Natural gas is a fossil fuel used as a source of energy for heating, cooking, and electricity generation. It is also used as fuel for vehicles and as a chemical feedstock in the manufacture of plastics and other commercially important organic chemicals. It is a non-renewable resource.
Natural gas is found in deep underground rock formations or associated with other hydrocarbon reservoirs in coal beds and as methane clathrates. Petroleum is another resource and fossil fuel found in close proximity to and with natural gas. Most natural gas was created over time by two mechanisms: biogenic and thermogenic. Biogenic gas is created by methanogenic organisms in marshes, bogs, landfills, and shallow sediments. Deeper in the earth, at greater temperature and pressure, thermogenic gas is created from buried organic material.
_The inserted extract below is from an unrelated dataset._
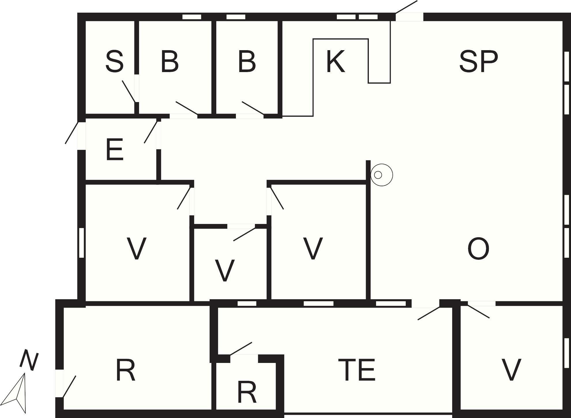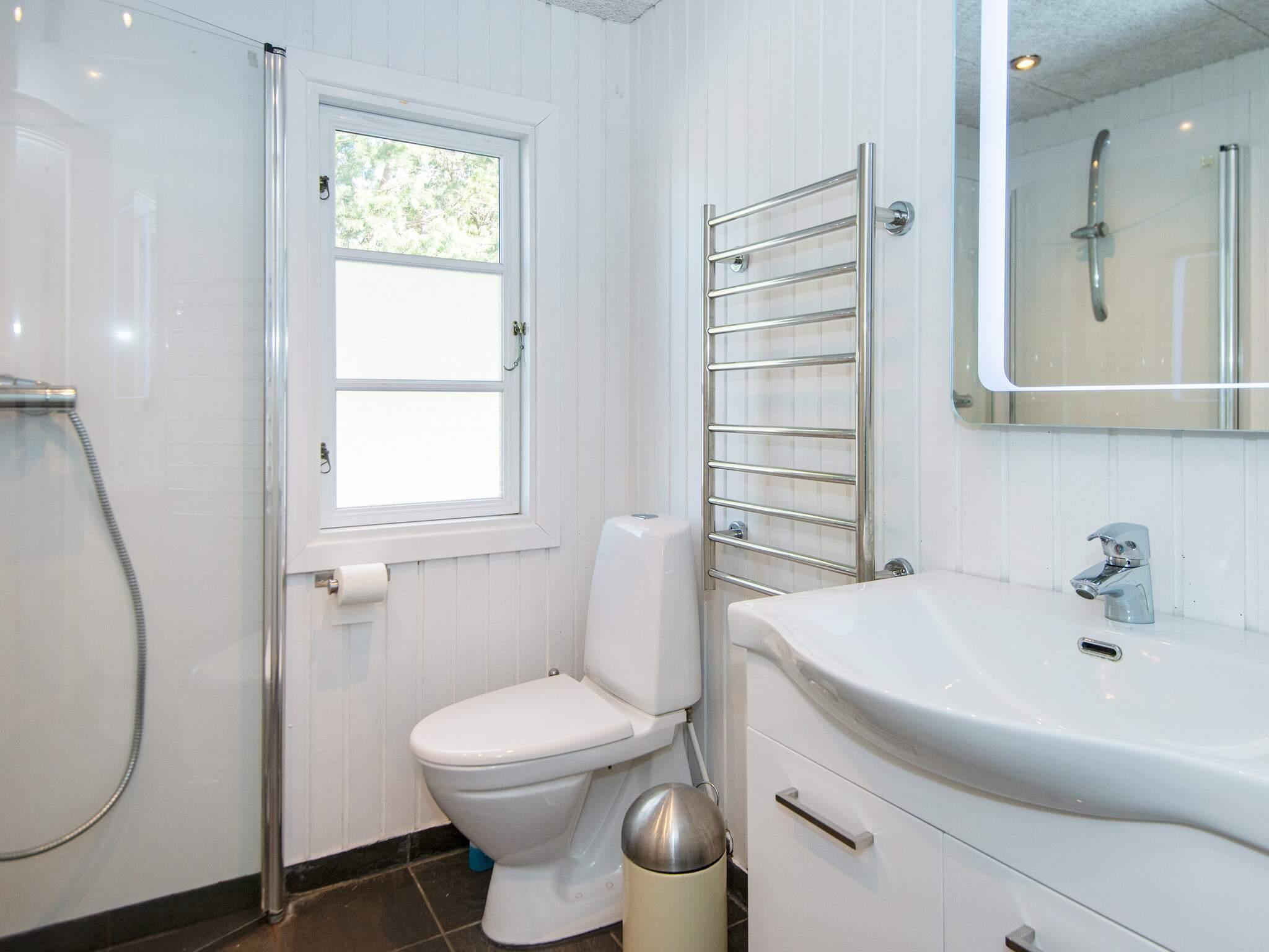 Foruden de to badeværelser, hvoraf det ene er med sauna, er der fire soveværelser, hvoraf de tre har dobbeltseng mens det sidste soverum er med en etageseng til to personer. Der er mulighed for opladning af elbil.

When gas is associated with petroleum production it may be considered a byproduct and be burnt as flare gas. The World Bank estimates that over 150 cubic kilometers of natural gas are flared or vented annually. Before natural gas can be used as a fuel, it must be processed to remove impurities, including water, to meet the specifications of marketable natural gas. The by-products of this processing include: ethane, propane, butanes, pentanes, and higher molecular weight hydrocarbons, hydrogen sulfide (which may be converted into pure sulfur), carbon dioxide, water vapor, and sometimes helium and nitrogen.
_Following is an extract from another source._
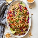 When ready to serve, add pasta to a large bowl, followed by chopped vegetables and peanut sauce. Toss everything together until well combined. Serve garnished with chopped fresh basil and sesame seeds if desired.
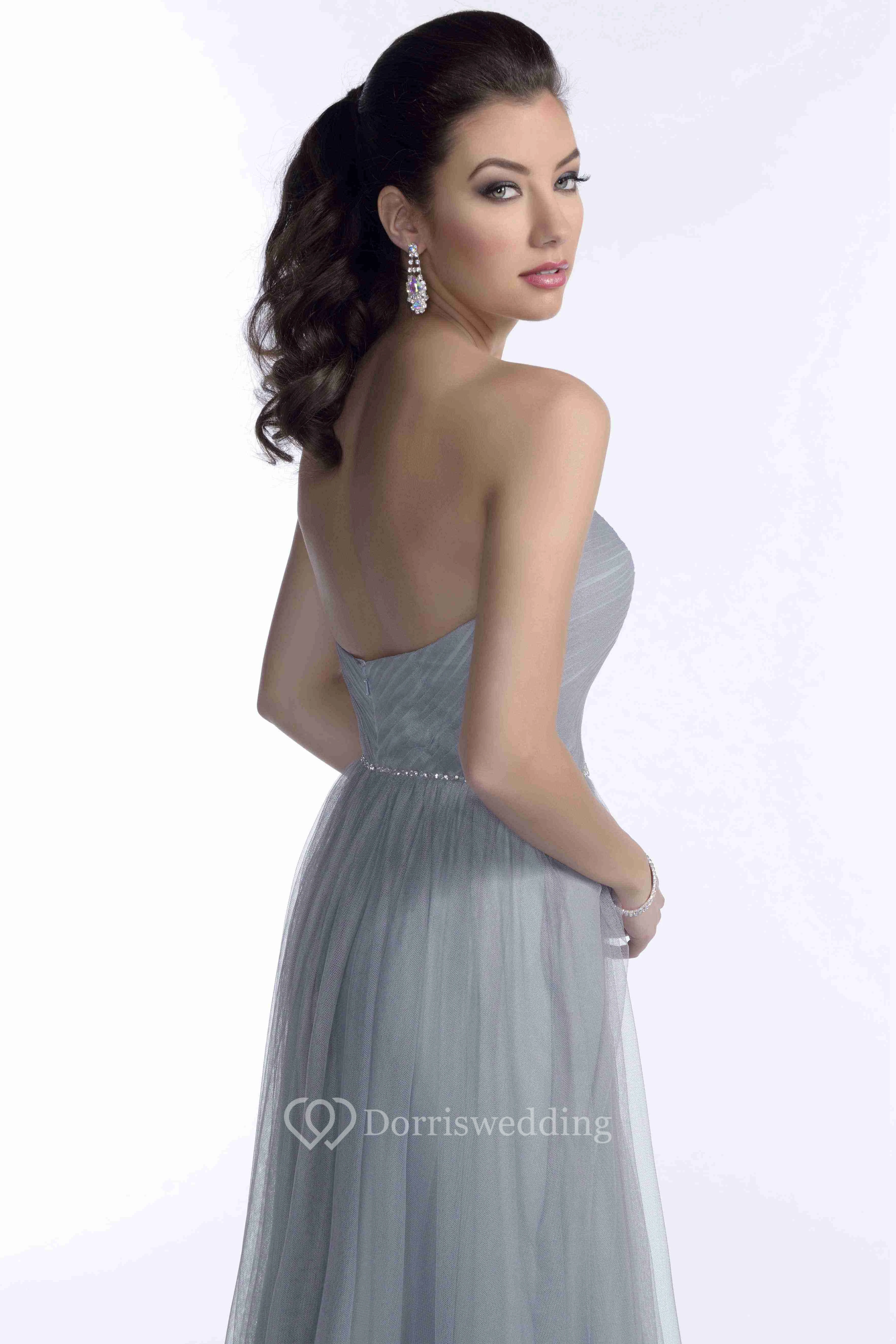Tulle Sweetheart A-Line Pleated Bridesmaid Dress With Slim Beaded Waistline

Natural gas is often informally referred to simply as "gas", especially when compared to other energy sources such as oil or coal. However, it is not to be confused with gasoline, especially in North America, where the term gasoline is often shortened in colloquial usage to gas.
Natural gas was used by the Chinese in about 500 BCE (possibly even 1000 BCE). They discovered a way to transport gas seeping from the ground in crude pipelines of bamboo to where it was used to boil salt water to extract the salt, in the Ziliujing District of Sichuan. The world's first industrial extraction of natural gas started at Fredonia, New York, United States in 1825. By 2009, 66 000 km³ (or 8%) had been used out of the total 850 000 km³ of estimated remaining recoverable reserves of natural gas. Based on an estimated 2015 world consumption rate of about 3400 km³ of gas per year, the total estimated remaining economically recoverable reserves of natural gas would last 250 years at current consumption rates. An annual increase in usage of 2–3% could result in currently recoverable reserves lasting significantly less, perhaps as few as 80 to 100 years.